§ Your goal: Down to the last line, set down the listing below exactly, apart from its pictures.

§ Provided material:
----
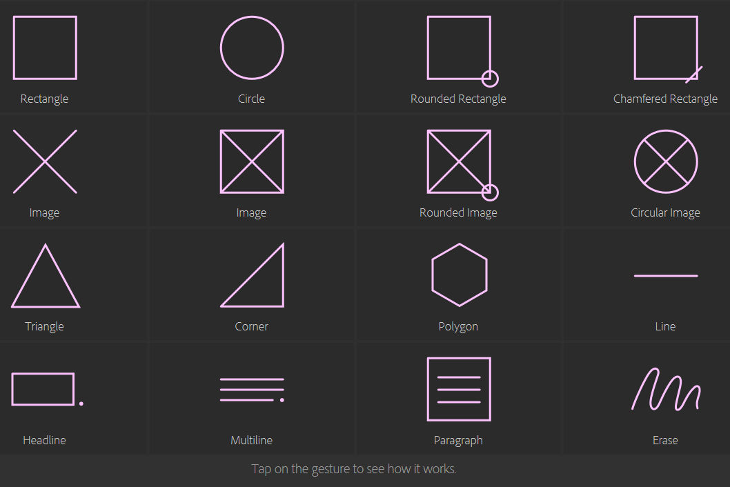 Gebruik een van de 16 gebaren om InDesign-elementen voor uw layout te maken. Zie de volgende afbeelding voor gebaren die u kunt gebruiken:
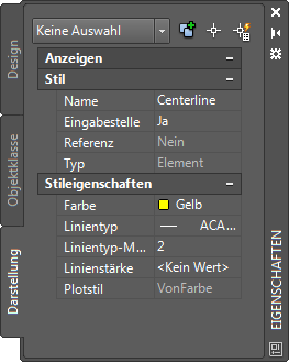 | Element | Gibt die Farbe, den Linientyp, den Linientypmaßstab, die Linienstärke und den Plotstil für Zeichnungsobjekte an, die diesen Stil verwenden. |
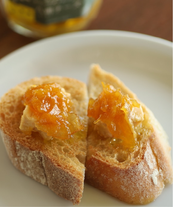 私たちが大切に育てた八朔の皮でマーマレードを作り、クリームチーズと一緒にオリーブオイルに漬けました。八朔のほろ苦い甘さとチーズの濃厚な旨みが口いっぱいに広がります。
----
§ Solution:
 Gebruik een van de 16 gebaren om InDesign-elementen voor uw layout te maken. Zie de volgende afbeelding voor gebaren die u kunt gebruiken:
 | Element | Gibt die Farbe, den Linientyp, den Linientypmaßstab, die Linienstärke und den Plotstil für Zeichnungsobjekte an, die diesen Stil verwenden. |
 私たちが大切に育てた八朔の皮でマーマレードを作り、クリームチーズと一緒にオリーブオイルに漬けました。八朔のほろ苦い甘さとチーズの濃厚な旨みが口いっぱいに広がります。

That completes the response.